This repository accompanies our paper, Salient Object-Aware Background Generation using Text-Guided Diffusion Models, which has been accepted for publication in CVPR 2024 Generative Models for Computer Vision workshop. You can try our model on Huggingface.
The paper addresses an issue we call "object expansion" when generating backgrounds for salient objects using inpainting diffusion models. We show that models such as Stable Inpainting can sometimes arbitrarily expand or distort the salient object, which is undesirable in applications where the object's identity should be preserved, such as e-commerce ads. Some examples of object expansion:
The dependencies are provided in requirements.txt
, install them by:
pip install -r requirements.txt
The following runs the training of text-to-image inpainting ControlNet initialized with the weights of "stable-diffusion-2-inpainting":
accelerate launch --multi_gpu --mixed_precision=fp16 --num_processes=8 train_controlnet_inpaint.py --pretrained_model_name_or_path "stable-diffusion-2-inpainting" --proportion_empty_prompts 0.1
The following runs the training of text-to-image ControlNet initialized with the weights of "stable-diffusion-2-base":
accelerate launch --multi_gpu --mixed_precision=fp16 --num_processes=8 train_controlnet.py --pretrained_model_name_or_path "stable-diffusion-2-base" --proportion_empty_prompts 0.1
Please refer to inference.ipynb
. Tu run the code you need to download our model checkpoints. You can also try our model using Huggingface pipeline:
from diffusers import DiffusionPipeline
pipeline = DiffusionPipeline.from_pretrained("yahoo-inc/photo-background-generation")

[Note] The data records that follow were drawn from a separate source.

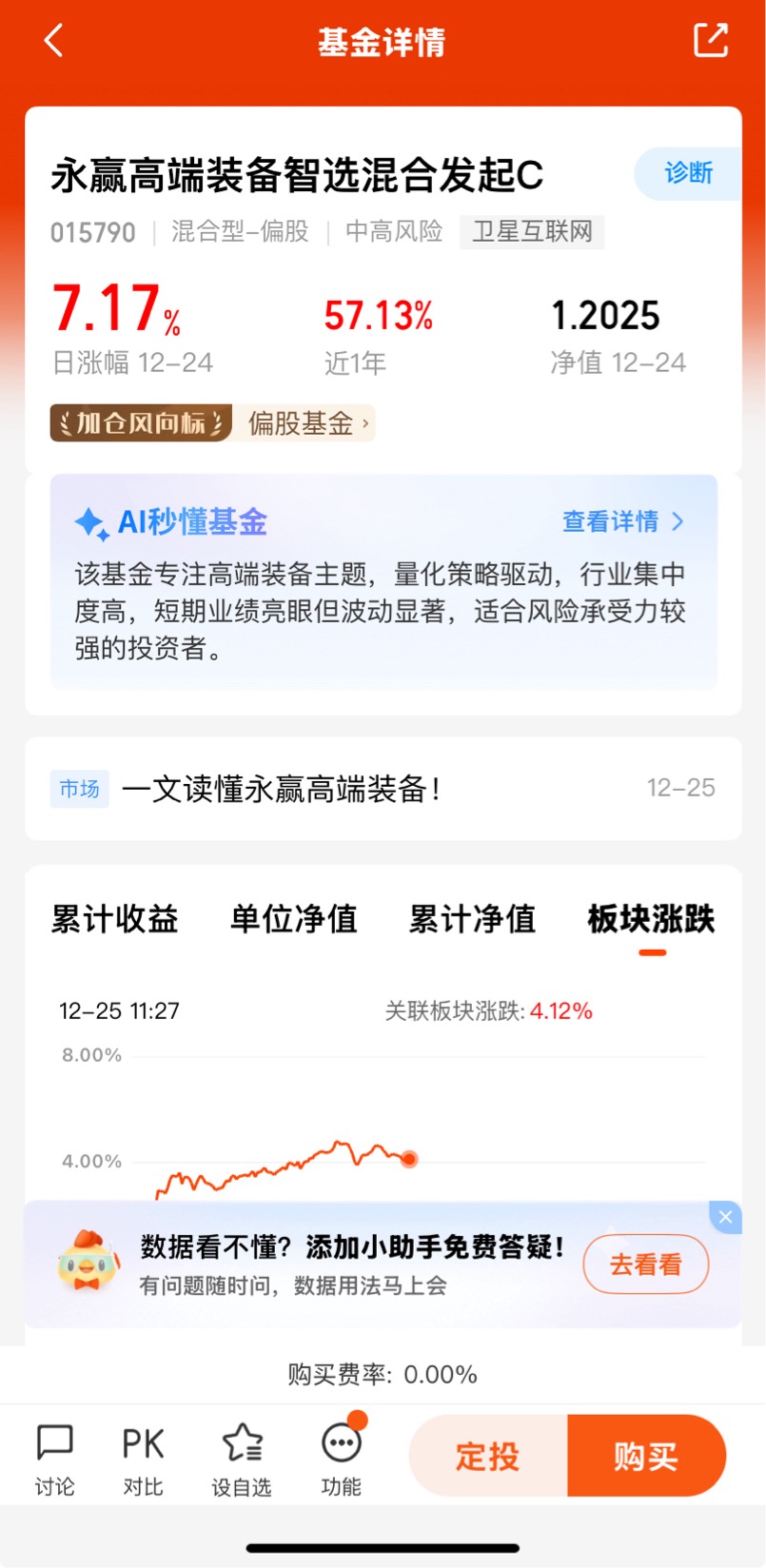 #火箭发射需求或爆发!商业航天赛道狂飙# $永赢高端装备智选混合发起C$ 作为全市场唯一且也是第一个聚焦卫星互联网的商业航天龙头基,昨天暴涨7.17%是妥妥的榜一大哥,近一个月收益30.73%,近三个月收益35.29%,近六个月收益57.17%,近一年收益57.13%,各阶段业绩优秀;卫星互联网在国防、应急通信、低空经济等领域具有不可替代的作用,是产业升级的重要支撑。
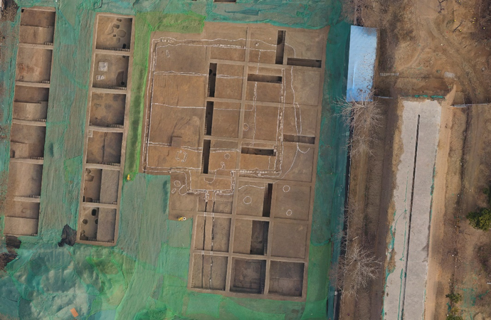 高规格墓葬。2021—2023年,在郑州商城内城东南部书院街项目发现一处商代墓地,其中,“兆域”制度、M2墓主人的身份及金覆面代表的跨区域文化交流问题格外引人注目。“兆域”是目前国内发现的时代最早的兆域,为殷墟王陵东西并列方形兆域的来源提供了直接证据,对探讨我国古代兆域起源和陵寝制度的发展具有重要意义。M2是郑州商城目前出土随葬品数量最多、种类最丰富、组合最完整、等级最高的贵族墓葬。其中出土的扇贝形金覆面器是国内考古中的首次发现,结合同时出土的绿松石镶嵌黄金牌饰、金泡等高等级礼器,充分反映出黄金与中国传统丧葬礼制的深度融合发展。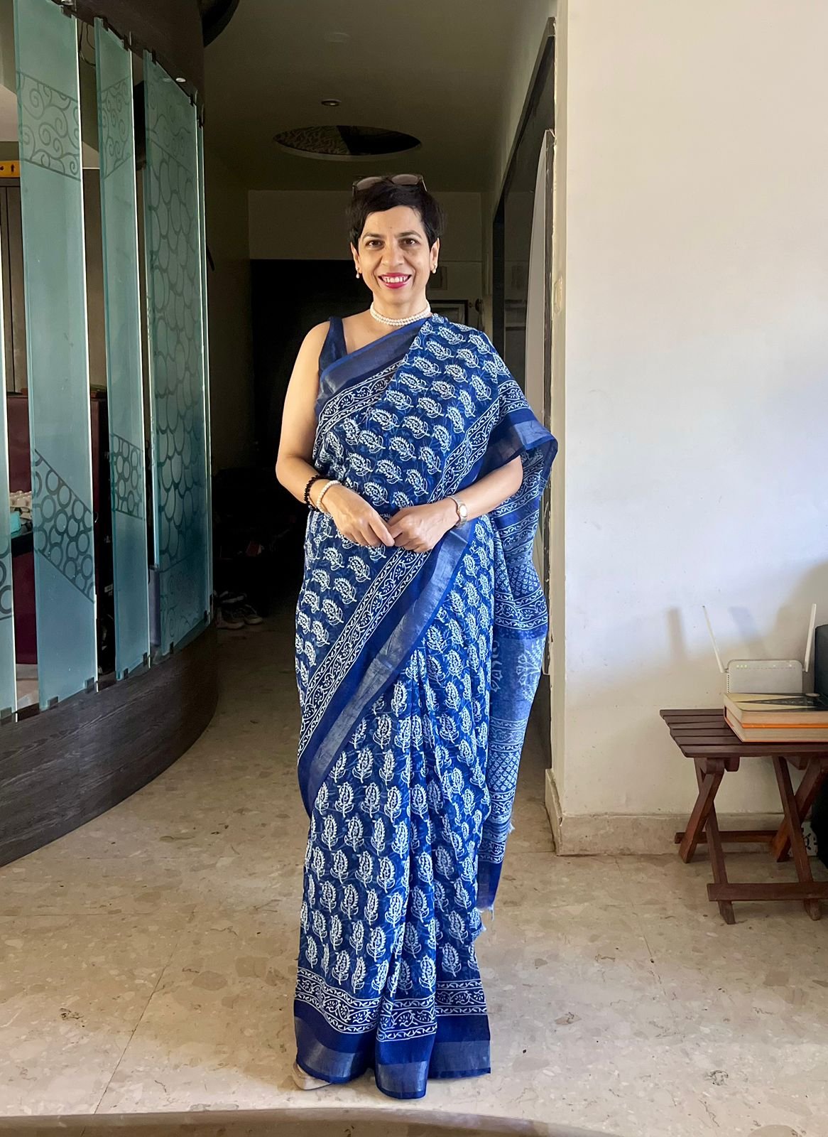 The deep indigo body is balanced by a rich blue border and a beautifully printed pallu, giving this saree a refined, heritage-led presence. Linen adds natural breathability and elegance, making it perfect for long days, warm afternoons, meetings, or mindful gatherings.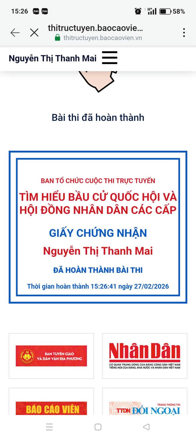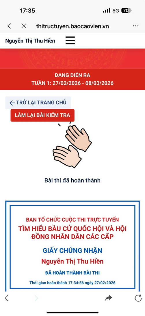 Cuộc thi diễn ra trong 2 tuần, với Tuần thi thứ 1 bắt đầu từ ngày 27/02/2026 đến ngày 08/03/2026. Đây là đợt sinh hoạt chính trị sâu rộng, giúp mỗi CBGV-NV nắm vững hơn các quy định của pháp luật, hiểu rõ về quyền và nghĩa vụ trong ngày hội bầu cử - Ngày hội của toàn dân. Với tính lan tỏa, từ Ban Giám hiệu đến các thầy cô giáo trẻ, từ nhân viên hành chính đến nhân viên phục vụ, tất cả đều đồng lòng tham gia với mục tiêu: 100% CBGV-NV hoàn thành bài thi với kết quả cao nhất. Nhiều thầy cô không chỉ hoàn thành bài thi của mình mà còn nhiệt tình hướng dẫn, hỗ trợ đồng nghiệp thao tác trên các thiết bị công nghệ để truy cập vào đường link dự thi một cách nhanh chóng.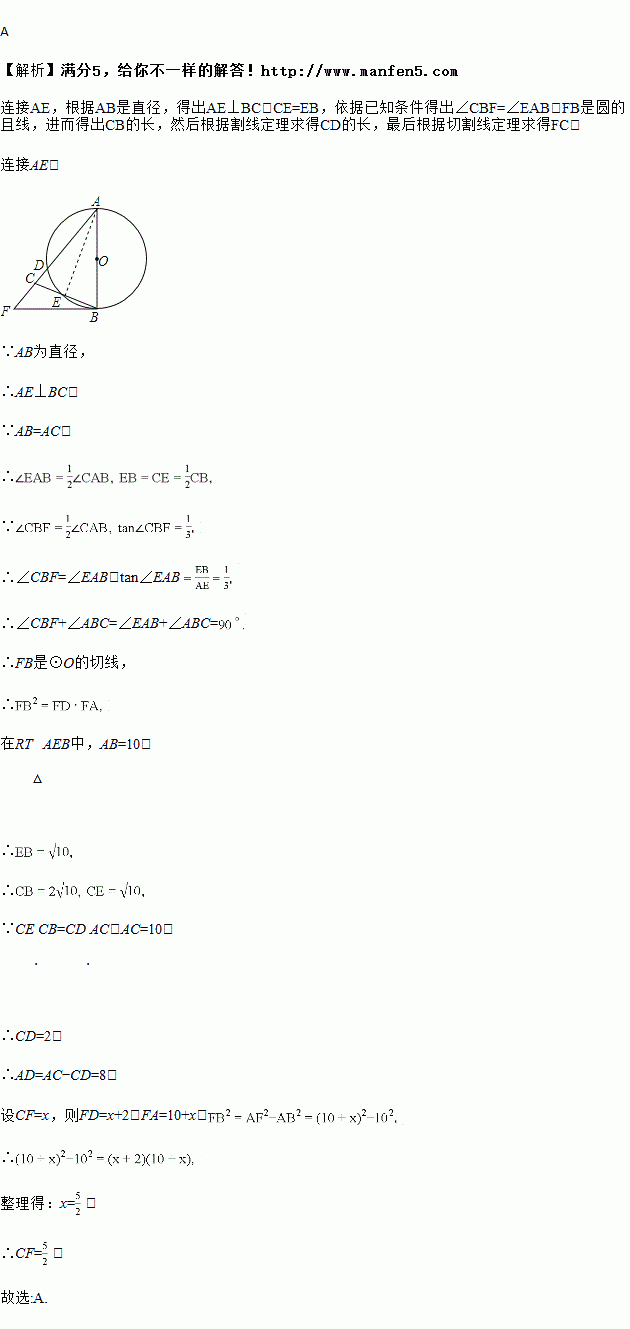 如图,在△ABC中,AB=AC=10,以AB为直径的⊙O分别交AC、BC于点D、E,点F在AC的延长线上,且∠CBF=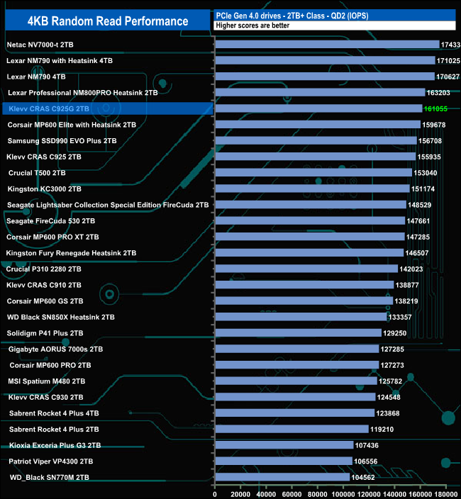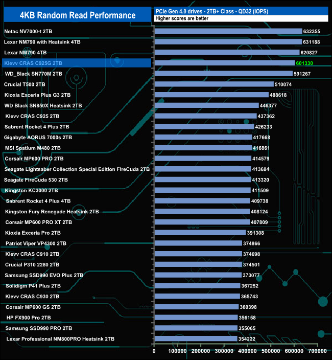 Officially, the 2TB CRAS C925G is rated as up to 700,000 IOPS for 4K random reads. With our four-threaded tests, we couldn't get close to the official maximum figure with a peak test result of 603,572 IOPS at QD16 before the performance dropped back to 601,330 IOPS at the end of the test run (QD32).

Model link | Datasets used |
---|---|
controlnet_inpainting_salient_aware.pth | Salient segmentation datasets, COCO |
If you found our work useful, please consider citing our paper:
@misc{eshratifar2024salient,
title={Salient Object-Aware Background Generation using Text-Guided Diffusion Models},
author={Amir Erfan Eshratifar and Joao V. B. Soares and Kapil Thadani and Shaunak Mishra and Mikhail Kuznetsov and Yueh-Ning Ku and Paloma de Juan},
year={2024},
eprint={2404.10157},
archivePrefix={arXiv},
primaryClass={cs.CV}
}
This project is licensed under the terms of the Apache 2.0 open source license. Please refer to LICENSE for the full terms.